Task requirements.
From the material below, copy exactly the lines beginning with the one that contains "Stan je moderno" and ending with the one that contains "The collection showcases"; the pictures stay out.

Data extracts.

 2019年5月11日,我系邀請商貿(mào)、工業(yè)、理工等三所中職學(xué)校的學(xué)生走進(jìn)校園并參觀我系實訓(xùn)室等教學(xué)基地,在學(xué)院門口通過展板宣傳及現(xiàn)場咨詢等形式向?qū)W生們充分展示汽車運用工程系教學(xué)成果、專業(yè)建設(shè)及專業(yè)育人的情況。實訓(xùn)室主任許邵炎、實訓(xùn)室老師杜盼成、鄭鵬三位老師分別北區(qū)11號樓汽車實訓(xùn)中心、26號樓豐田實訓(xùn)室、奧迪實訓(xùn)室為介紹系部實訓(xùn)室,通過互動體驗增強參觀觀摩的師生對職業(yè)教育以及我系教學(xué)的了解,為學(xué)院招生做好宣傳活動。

---

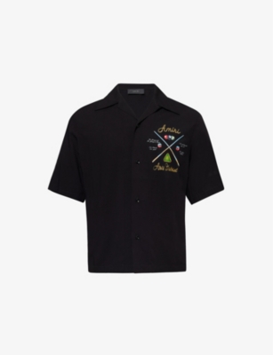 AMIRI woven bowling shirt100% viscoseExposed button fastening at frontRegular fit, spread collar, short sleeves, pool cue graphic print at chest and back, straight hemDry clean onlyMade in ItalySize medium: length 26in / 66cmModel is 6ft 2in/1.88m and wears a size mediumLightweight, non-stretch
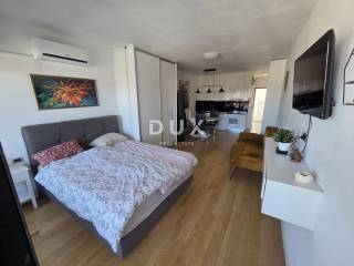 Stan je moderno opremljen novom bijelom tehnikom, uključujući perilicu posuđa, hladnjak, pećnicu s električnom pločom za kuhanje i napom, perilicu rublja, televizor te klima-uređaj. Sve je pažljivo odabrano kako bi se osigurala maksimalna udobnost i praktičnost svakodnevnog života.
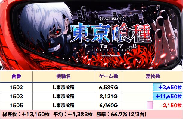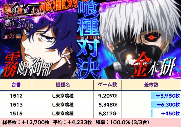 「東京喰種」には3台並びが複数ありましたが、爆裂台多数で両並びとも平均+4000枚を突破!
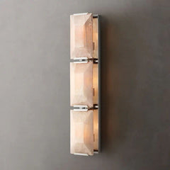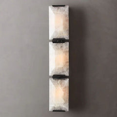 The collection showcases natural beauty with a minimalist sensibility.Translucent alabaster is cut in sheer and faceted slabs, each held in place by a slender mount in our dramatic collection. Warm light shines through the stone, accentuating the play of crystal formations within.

Result for this task.
 Stan je moderno opremljen novom bijelom tehnikom, uključujući perilicu posuđa, hladnjak, pećnicu s električnom pločom za kuhanje i napom, perilicu rublja, televizor te klima-uređaj. Sve je pažljivo odabrano kako bi se osigurala maksimalna udobnost i praktičnost svakodnevnog života.
 「東京喰種」には3台並びが複数ありましたが、爆裂台多数で両並びとも平均+4000枚を突破!
 The collection showcases natural beauty with a minimalist sensibility.Translucent alabaster is cut in sheer and faceted slabs, each held in place by a slender mount in our dramatic collection. Warm light shines through the stone, accentuating the play of crystal formations within.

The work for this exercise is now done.